PORTRAIT DE MICHEL ANDRÉ
Les Indrais restent attachés à la dernière grosse usine de la commune, la ferblanterie d’Arcelor-Mittal. Une pause-café au Relais du Bac nous aura permis d’apprendre que l’on arrive au Ciel en dépassant le quai Jean-Bart, vers l’usine… Créé par d’anciens employés, le Ciel (Conservatoire de l’Industrie de l’Estuaire de la Loire) se niche dans l’ancienne imprimerie sur métal, aujourd’hui désaffectée. Michel André, son directeur, nous attend dans cet espace de trois mille mètres carrés recouvert d’un toit en sheds dont certaines verrières menacent de s’affaisser. Il a fait toute sa carrière à l’usine, dans les ressources humaines. La voix grave, une tête de capitaine au long cours, il cultive sa passion pour l’industrie estuarienne.

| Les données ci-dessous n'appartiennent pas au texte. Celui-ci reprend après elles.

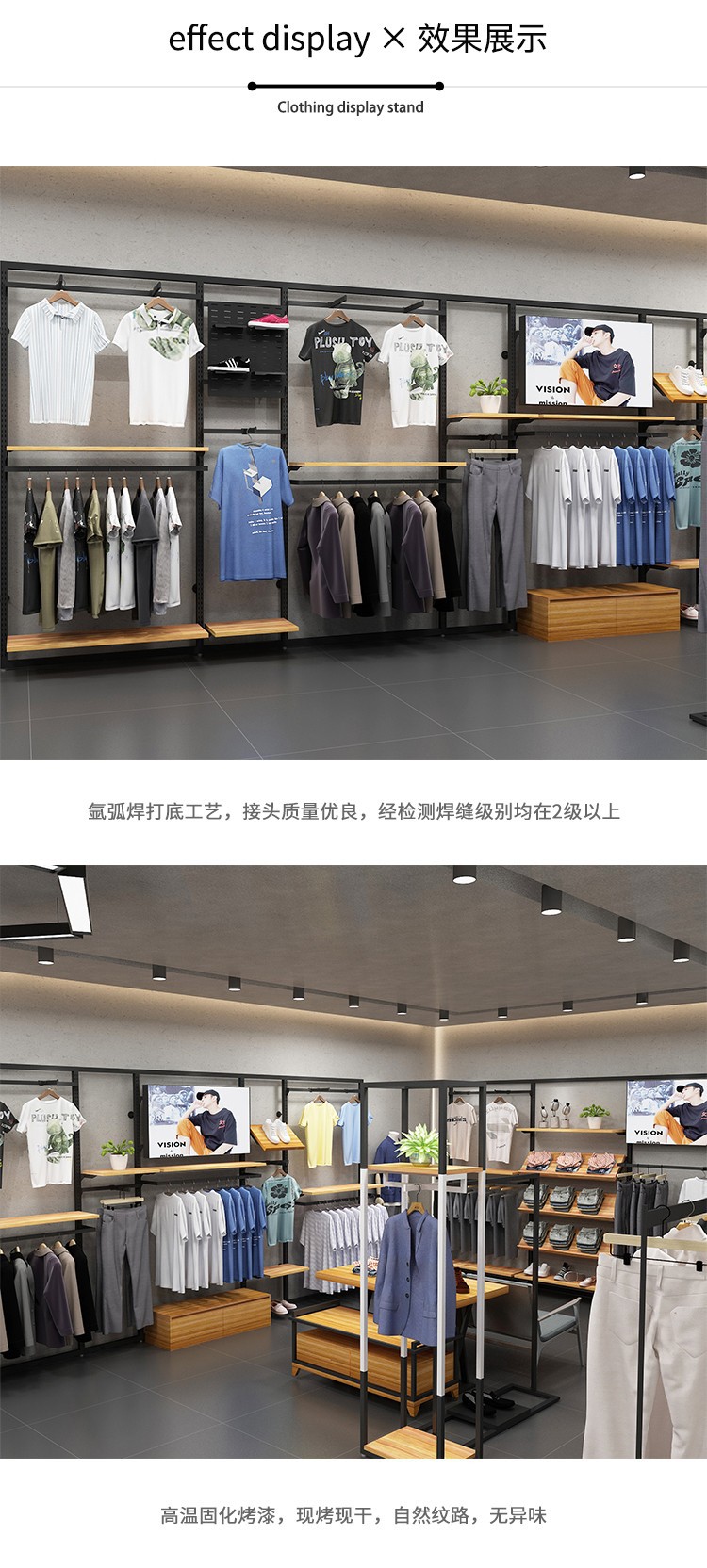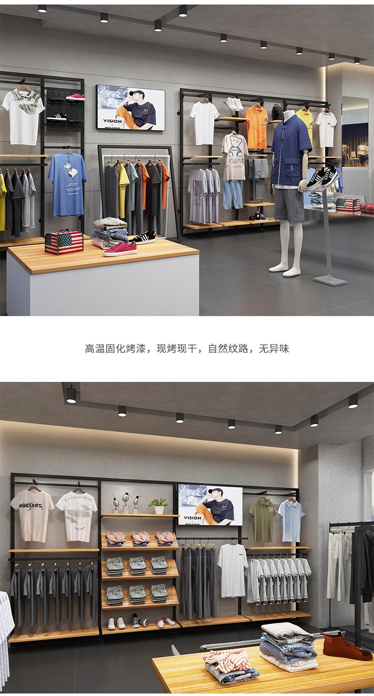 Tienda de ropa deportiva soporte de exhibición piso estante para hombres centro comercial estante de ropa casual de gama alta pared tienda de ropa para hombres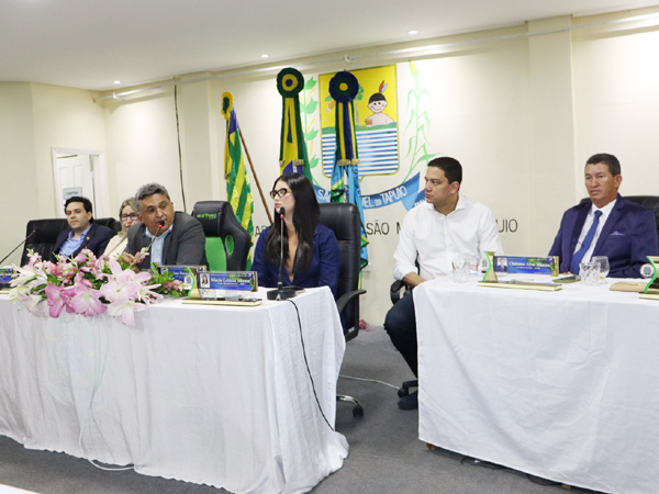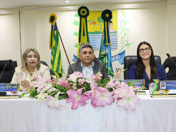 A solenidade foi conduzida pelo presidente da Casa, o vereador Lucimar Soares de Morais, e contou com a presença do prefeito Pompílio Evaristo Cardoso Filho “Pompilím” e do vice-prefeito Ribamar Neto.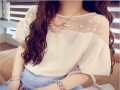 2016夏季新款甜美波點(diǎn)蕾絲拼接寬松百搭時(shí)尚雪紡衫短袖女裝批發(fā) /

Dans la lumière blanche que diffusent les vitrages de la toiture – orientés nord pour éviter d’éblouir les ouvriers, précise-t-il –, Michel André déambule entre une collection de vieux tracteurs et les machines d’une menuiserie de l’estuaire qui a fermé ses portes en léguant au Ciel tout son matériel. « Mais attention ! N’allez pas y voir un musée pour nostalgiques d’une industrie déclinante ! Nous en faisons un conservatoire-école où le passé sert à préparer l’avenir. Lors des Journées du patrimoine, les meilleurs ouvriers de France témoignent de leur parcours et renseignent les jeunes sur des métiers dont on ignore qu’ils sont encore très porteurs, comme la chaudronnerie. Vous connaissez la chaudronnerie ? »
INDRET
En rive sud, vis-à-vis du bourg de Basse-Indre, se dresse la fameuse île d’Indret qui compte parmi les plus anciens sites industriels de l’estuaire de la Loire. Comprise dans le domaine du duché de Bretagne depuis le Moyen Âge, le duc Jean V y fait construire, durant la première moitié du XVe siècle, une résidence ducale, probablement un manoir destiné à une occupation saisonnière. En 1777, de Sartine, ministre de la Marine de Louis XVI, choisit l’île d’Indret appartenant au domaine royal, pour établir une fonderie de canons. La particularité du site d’Indret est d’utiliser l’énergie hydraulique pour forer les canons. L’action conjuguée d’une retenue d’eau maintenue un système de digues et de l’énergie marémotrice entraîne le moulin de la forerie. En 1781, l’établissement d’Indret devient Manufacture royale de bouches à feu. Dans les années 1820, la fonderie de canons d’Indret est reconvertie et se spécialise dans la fabrication de machines à vapeur pour les besoins de la Marine. Aujourd’hui, le site est toujours spécialisé dans la propulsion navale, en particulier dans la production d’appareils propulsifs destinés aux sous-marins nucléaires de la marine française.